## Instructions for the task:
Nothing is needed except the lines below that run from the one with "Topman - Kakigrøn" through the one with "Deep in the", repeated exactly.

## Source material:

# # # # #

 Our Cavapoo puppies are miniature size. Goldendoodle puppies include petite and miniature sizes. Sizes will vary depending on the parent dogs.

# # # # #

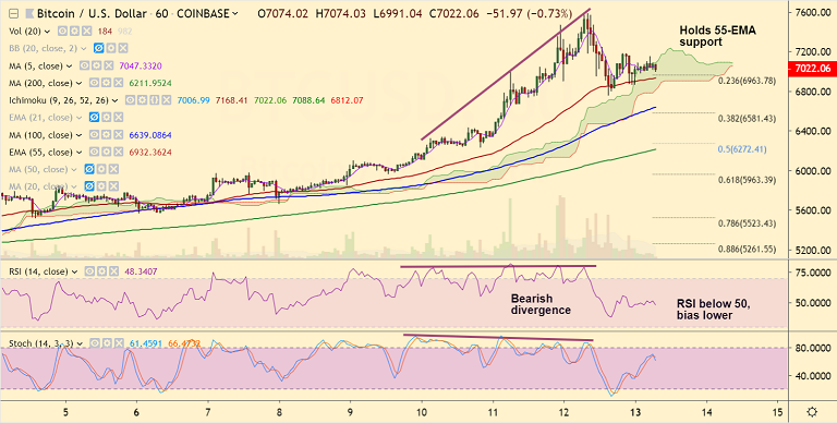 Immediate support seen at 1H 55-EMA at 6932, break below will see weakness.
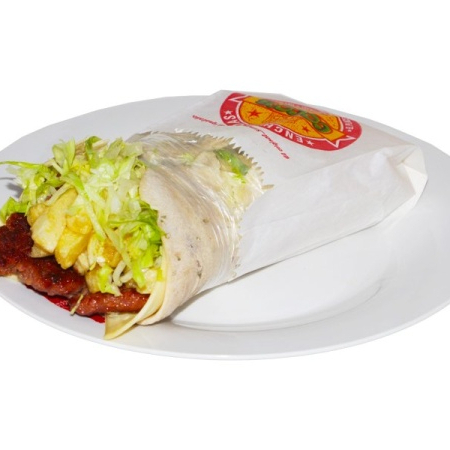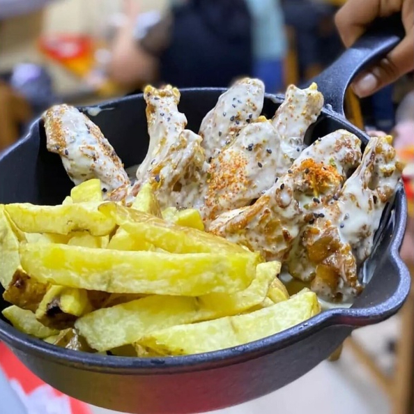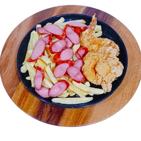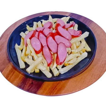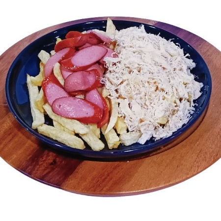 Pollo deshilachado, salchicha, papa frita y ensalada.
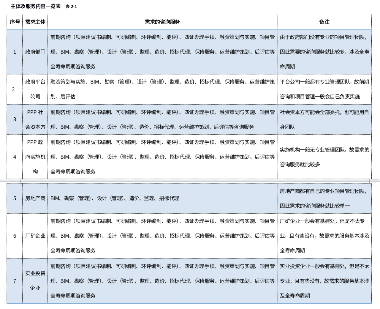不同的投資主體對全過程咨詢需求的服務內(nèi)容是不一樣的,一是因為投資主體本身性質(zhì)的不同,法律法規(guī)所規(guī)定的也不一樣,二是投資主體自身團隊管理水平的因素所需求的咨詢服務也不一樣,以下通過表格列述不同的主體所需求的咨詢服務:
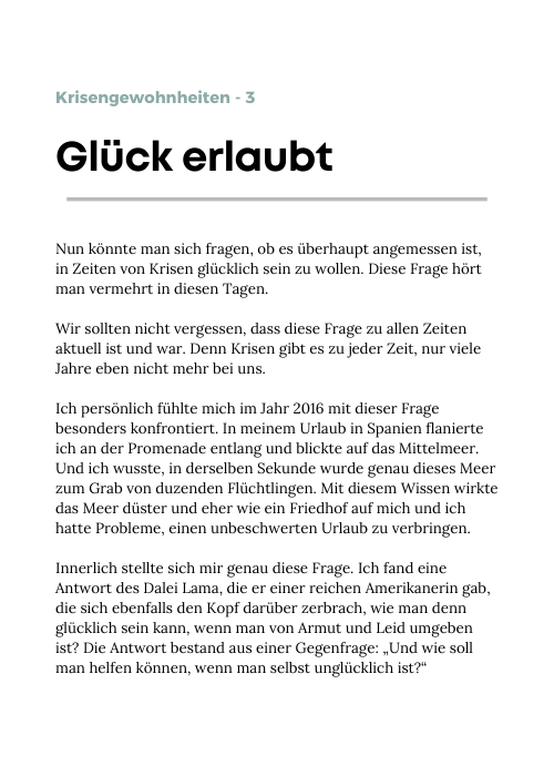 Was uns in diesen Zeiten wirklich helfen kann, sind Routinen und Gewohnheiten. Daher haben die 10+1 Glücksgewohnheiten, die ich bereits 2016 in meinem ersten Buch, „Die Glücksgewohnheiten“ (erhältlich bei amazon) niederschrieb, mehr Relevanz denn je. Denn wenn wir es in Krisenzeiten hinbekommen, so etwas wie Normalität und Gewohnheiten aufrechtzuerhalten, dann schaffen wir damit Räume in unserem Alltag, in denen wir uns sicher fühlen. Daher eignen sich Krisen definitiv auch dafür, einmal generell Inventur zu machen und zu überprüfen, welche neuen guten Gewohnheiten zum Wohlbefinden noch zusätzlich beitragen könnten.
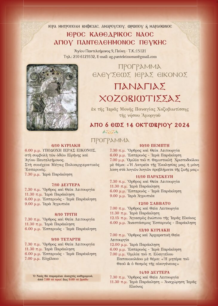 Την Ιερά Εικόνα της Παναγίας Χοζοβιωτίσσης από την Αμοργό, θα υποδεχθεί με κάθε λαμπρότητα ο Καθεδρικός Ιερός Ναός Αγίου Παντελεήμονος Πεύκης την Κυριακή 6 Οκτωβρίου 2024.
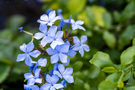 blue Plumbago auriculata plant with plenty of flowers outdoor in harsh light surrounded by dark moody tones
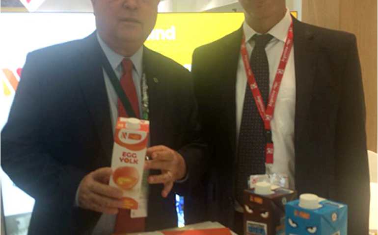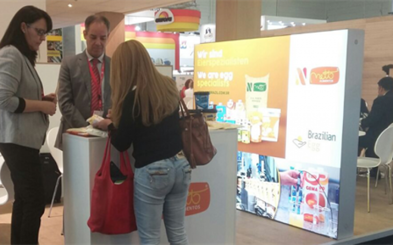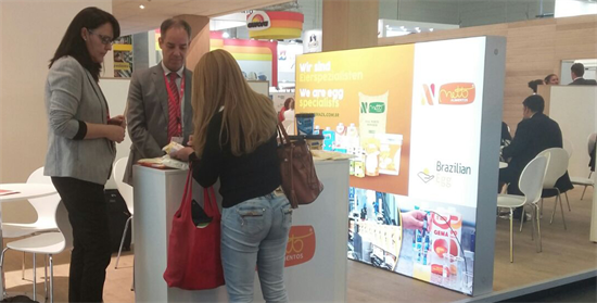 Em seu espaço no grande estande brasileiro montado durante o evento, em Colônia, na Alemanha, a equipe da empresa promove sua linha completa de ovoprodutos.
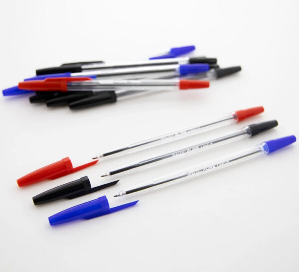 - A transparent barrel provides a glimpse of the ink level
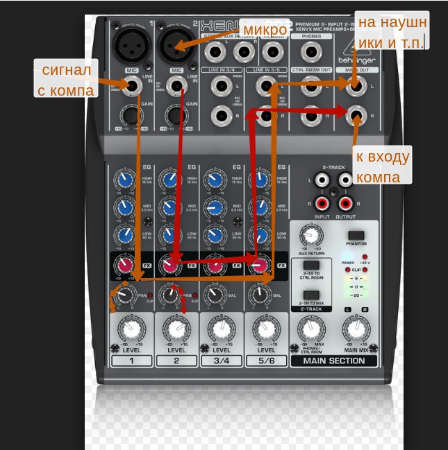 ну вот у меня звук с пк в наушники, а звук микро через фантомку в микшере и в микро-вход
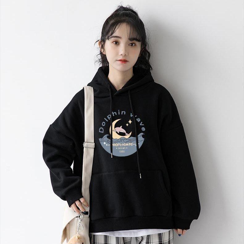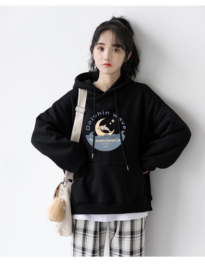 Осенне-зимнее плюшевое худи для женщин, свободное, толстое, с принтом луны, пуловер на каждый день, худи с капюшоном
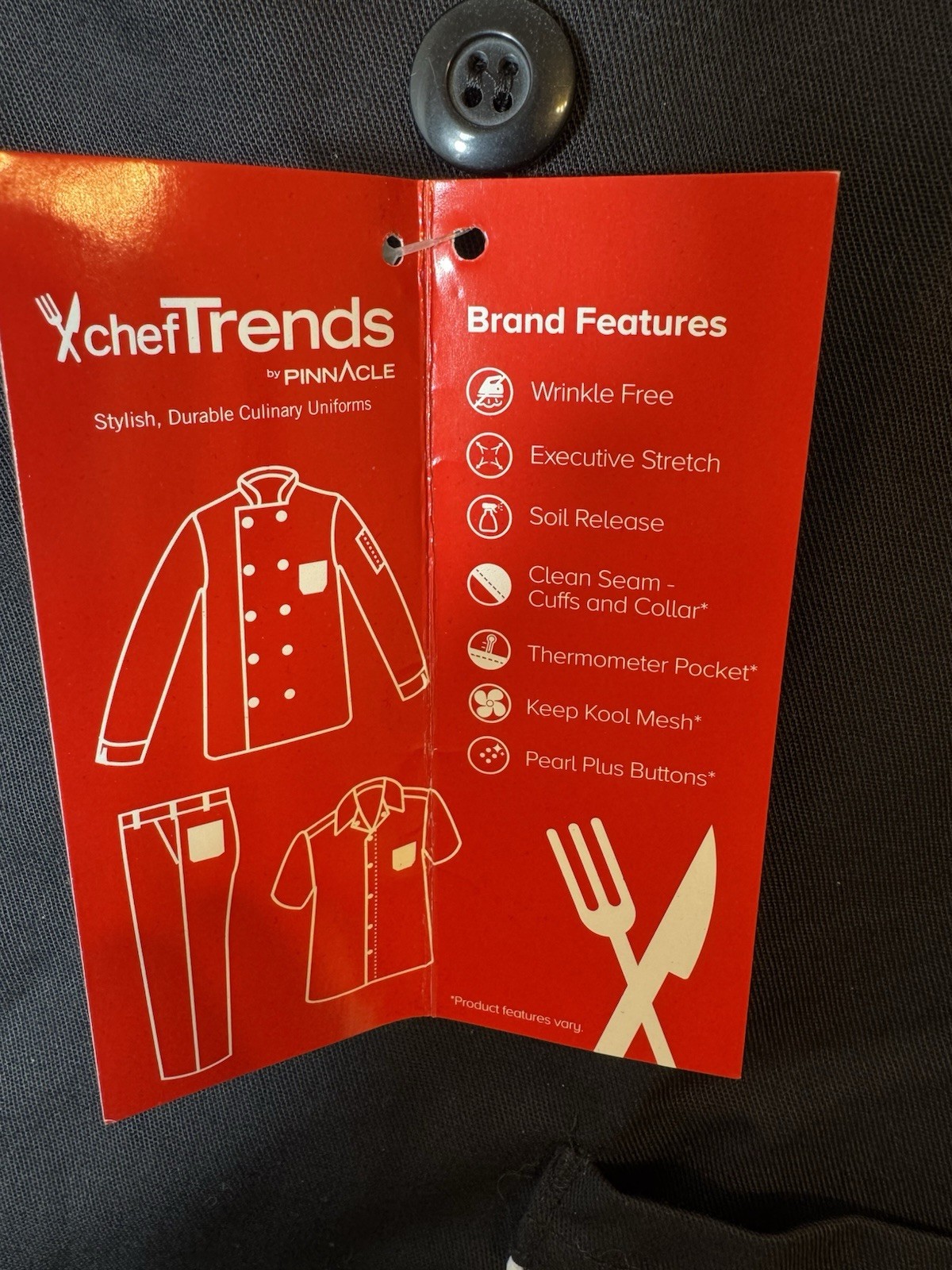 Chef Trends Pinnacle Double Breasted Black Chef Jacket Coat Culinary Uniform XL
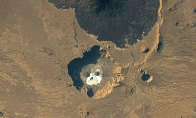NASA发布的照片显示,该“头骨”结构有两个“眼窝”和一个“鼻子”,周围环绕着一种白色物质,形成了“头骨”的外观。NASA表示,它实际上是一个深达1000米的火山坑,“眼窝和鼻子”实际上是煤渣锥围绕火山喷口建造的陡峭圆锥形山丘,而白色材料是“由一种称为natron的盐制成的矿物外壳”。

# # # # #

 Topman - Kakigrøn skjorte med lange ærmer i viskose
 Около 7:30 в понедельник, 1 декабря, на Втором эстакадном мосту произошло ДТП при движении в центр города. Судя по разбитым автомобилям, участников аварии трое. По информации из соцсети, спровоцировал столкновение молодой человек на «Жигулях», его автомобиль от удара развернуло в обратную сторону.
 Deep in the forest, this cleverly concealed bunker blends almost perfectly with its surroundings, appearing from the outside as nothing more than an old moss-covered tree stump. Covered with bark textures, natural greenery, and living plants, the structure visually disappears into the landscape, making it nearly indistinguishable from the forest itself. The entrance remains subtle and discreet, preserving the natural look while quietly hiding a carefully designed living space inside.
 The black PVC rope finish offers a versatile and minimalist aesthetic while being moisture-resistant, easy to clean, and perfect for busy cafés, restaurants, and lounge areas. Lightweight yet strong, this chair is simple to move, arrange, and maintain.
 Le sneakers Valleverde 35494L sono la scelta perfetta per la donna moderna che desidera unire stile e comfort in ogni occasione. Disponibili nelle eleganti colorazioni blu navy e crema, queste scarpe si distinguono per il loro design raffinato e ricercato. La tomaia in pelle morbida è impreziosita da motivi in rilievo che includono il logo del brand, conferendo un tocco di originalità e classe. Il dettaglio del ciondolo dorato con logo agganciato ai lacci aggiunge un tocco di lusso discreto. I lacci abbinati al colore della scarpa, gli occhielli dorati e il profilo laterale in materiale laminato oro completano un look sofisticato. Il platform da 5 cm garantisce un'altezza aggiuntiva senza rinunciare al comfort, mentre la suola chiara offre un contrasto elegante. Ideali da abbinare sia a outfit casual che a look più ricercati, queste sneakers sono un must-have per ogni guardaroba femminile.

# # # # #

## Result of the task:
 Topman - Kakigrøn skjorte med lange ærmer i viskose
 Около 7:30 в понедельник, 1 декабря, на Втором эстакадном мосту произошло ДТП при движении в центр города. Судя по разбитым автомобилям, участников аварии трое. По информации из соцсети, спровоцировал столкновение молодой человек на «Жигулях», его автомобиль от удара развернуло в обратную сторону.
 Deep in the forest, this cleverly concealed bunker blends almost perfectly with its surroundings, appearing from the outside as nothing more than an old moss-covered tree stump. Covered with bark textures, natural greenery, and living plants, the structure visually disappears into the landscape, making it nearly indistinguishable from the forest itself. The entrance remains subtle and discreet, preserving the natural look while quietly hiding a carefully designed living space inside.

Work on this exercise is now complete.